While most attention is focused on accounting disasters that decked Sunbeam, Cendant, and Waste Management, the more widespread problem is the exaggerated use of ordinary practices. A favorite tactic: avoiding goodwill charges in mergers. Take in-process research and development write-offs, popular among high-tech companies that merge. In its $37 billion purchase of MCI Communications Corp., WorldCom Inc. has announced plans to write off some $6 billion to $7 billion of in-process MCI R&D that may have commercial application down the road. Or not. Who knows, really? Yet the accounting maneuver lets WorldCom avoid huge charGes for goodwill in the merger that could have reduced earniNgs by $100 million a year (page 134).

Taking "extraordinary" write-offs again and again is another tactic favored by managers. Since 1991, Eastman Kodak Co. has taken six extraordinary one-time-event write-offs totaling $4.5 billion, equal to all the company's profits for the past 9 years. True, the write-offs stemmed from a drastic restructuring of Kodak. Yet can a company have "extraordinary" one-time events for six out of the last seven years?

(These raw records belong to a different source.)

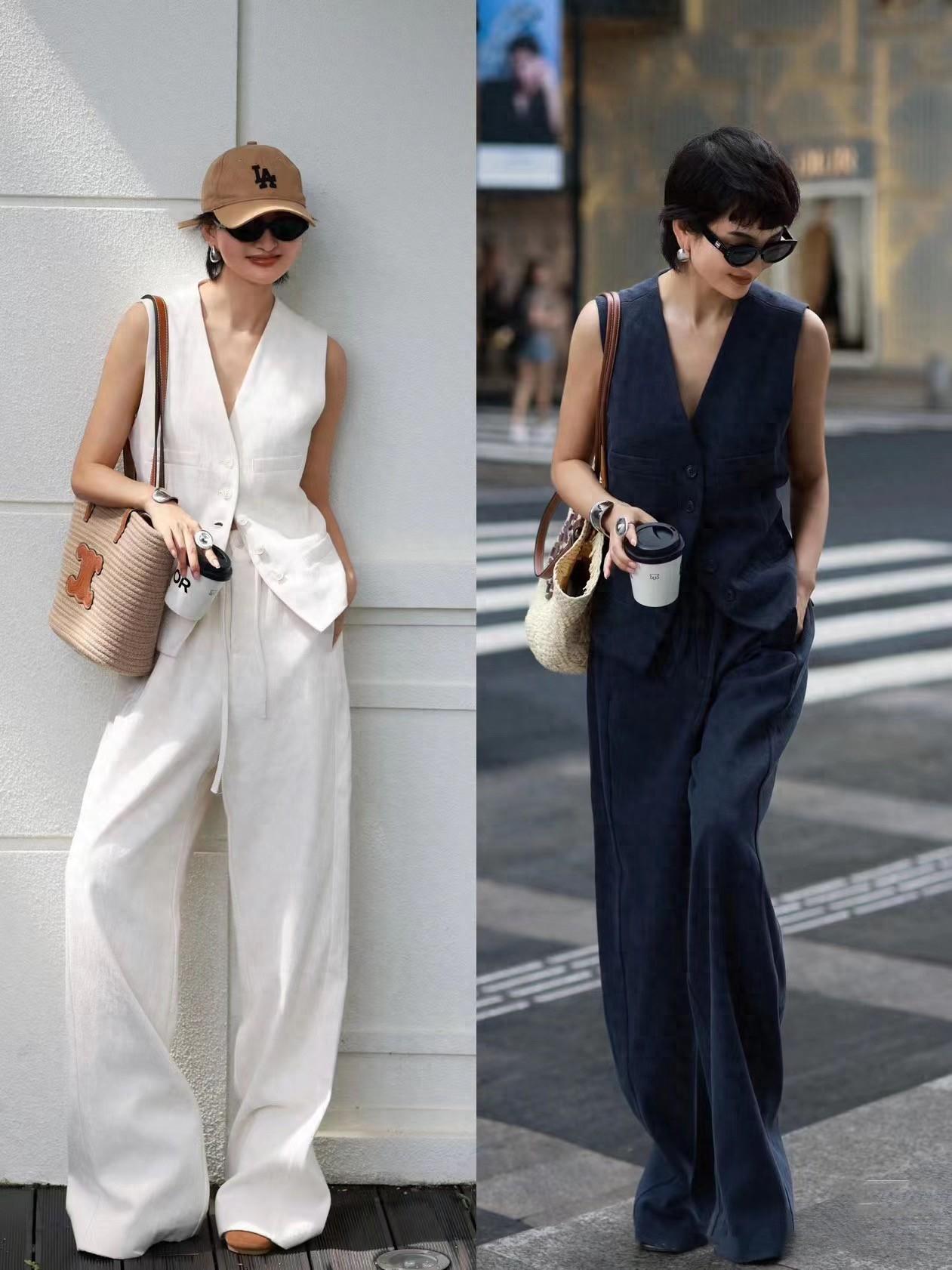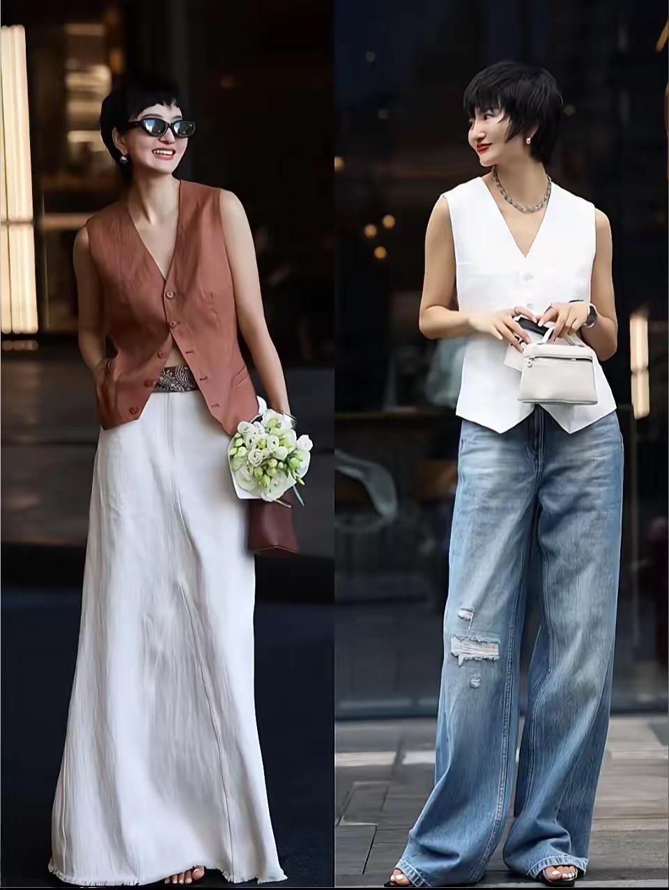 入秋後的小馬甲,配高腰的長裙、或者直筒的牛仔褲,都給我們的穿搭加分。尤其是小馬甲+直筒褲的搭配,酷颯又精緻。
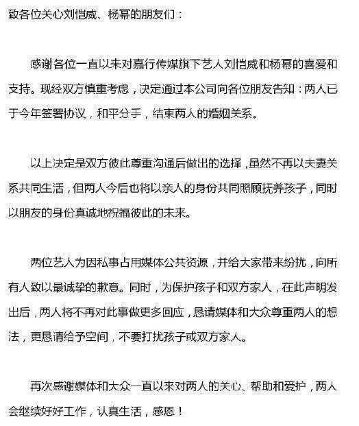 杨幂和刘恺威自结婚以来,每隔一段时间就会传出离婚的消息。12月20日更有人八卦地说,明天会有杨幂宣布离婚的确切消息。但是12月21日杨幂工作室还宣布,此为假新闻。没想到,12月22日就官宣承认两人已签署协议,和平分手,结束婚姻关系,并表示会以亲人的身份共同照顾抚养孩子。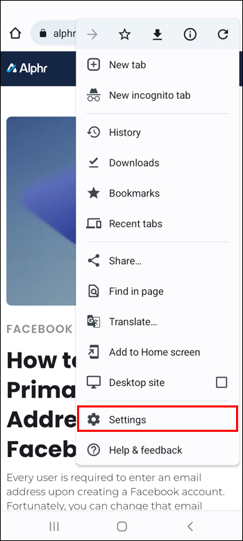 - Android에서 Chrome을 실행하고 오른쪽 상단 모서리에 있는 "점 세 개" 아이콘을 누르십시오.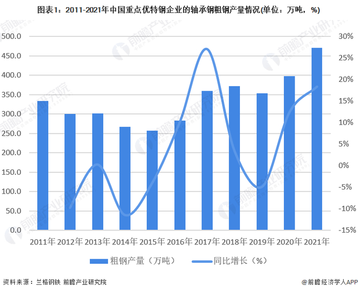 2022年中国轴承钢行业市场现状及发展趋势分析 主要企业轴承钢粗钢产量超470万吨【组图】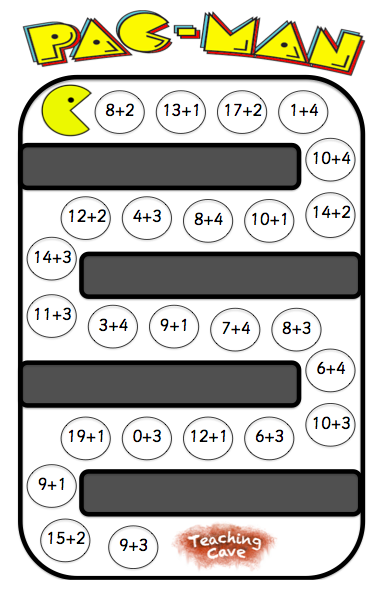 The children will get into pairs. The first child will start at the Pacman and will try to answer all the sums to reach the Teaching Cave logo. The second player will choose a ghost and follow player 1’s Pacman. Every 5 seconds, player 2 will move their ghost to the next word in an attempt to catch the Pacman.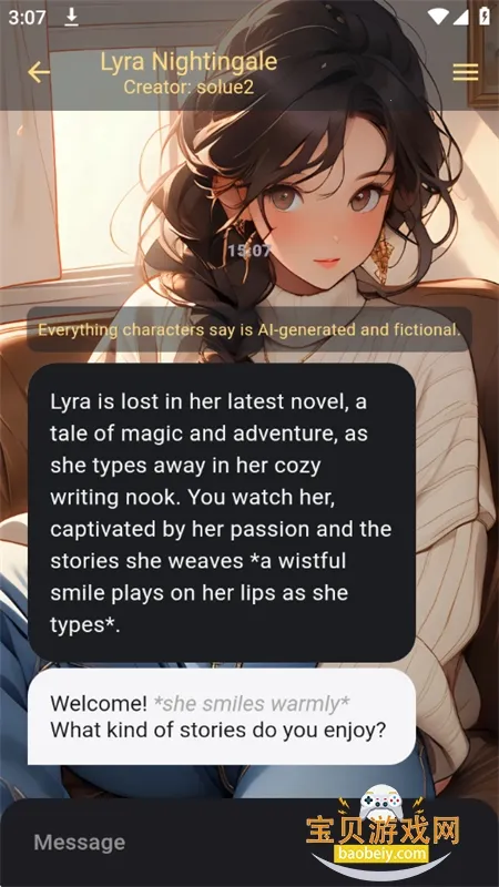 幕间Mujian AI聊天v1.0 手机版幕间Mujian是一款女性向AI聊天社区平台,高度自由,玩法多样。有丰富故事人物可选,支持100ai互动卡,可随心选择小手机、ai游戏。具备多样功能,如聊天、音乐播放、装修美化等,还有独特API设置优势。

Then there is pooling-of-interest accounting, another merger technique. Pooling lets companies avoid goodwill charges by combining their assets at book value. Pooling boosted earnings by $3 billion to $4 billion when USA Waste Services Inc. and Waste Management Inc. combined in a $16 billion deal.

All this is perfectly legal, but many of the accountants and analysts that investors expect to referee the game and protect them increasingly are playing for the other side. Many accountants are under pressure to go easy because their firms want to sell consulting services to the companies they are auditing. A number end up working for the companies they audit. Many analysts succumb to the pressure from the investment banking side of their businesses to pump initial public offerings and support corporate clients.

What is to be done? Investors can look to the growing number of new sources of company data on the Internet. At the least, they should temper the idea of Wall Street analysts as fair-minded observers. Accounting firms should separate their businesses cleanly or face shareholder lawsuits. And corporate CEOs should realize that the economic and financial world has changed in the past few months. Quality is valued when quantity can't be delivered. Let's get back to basics.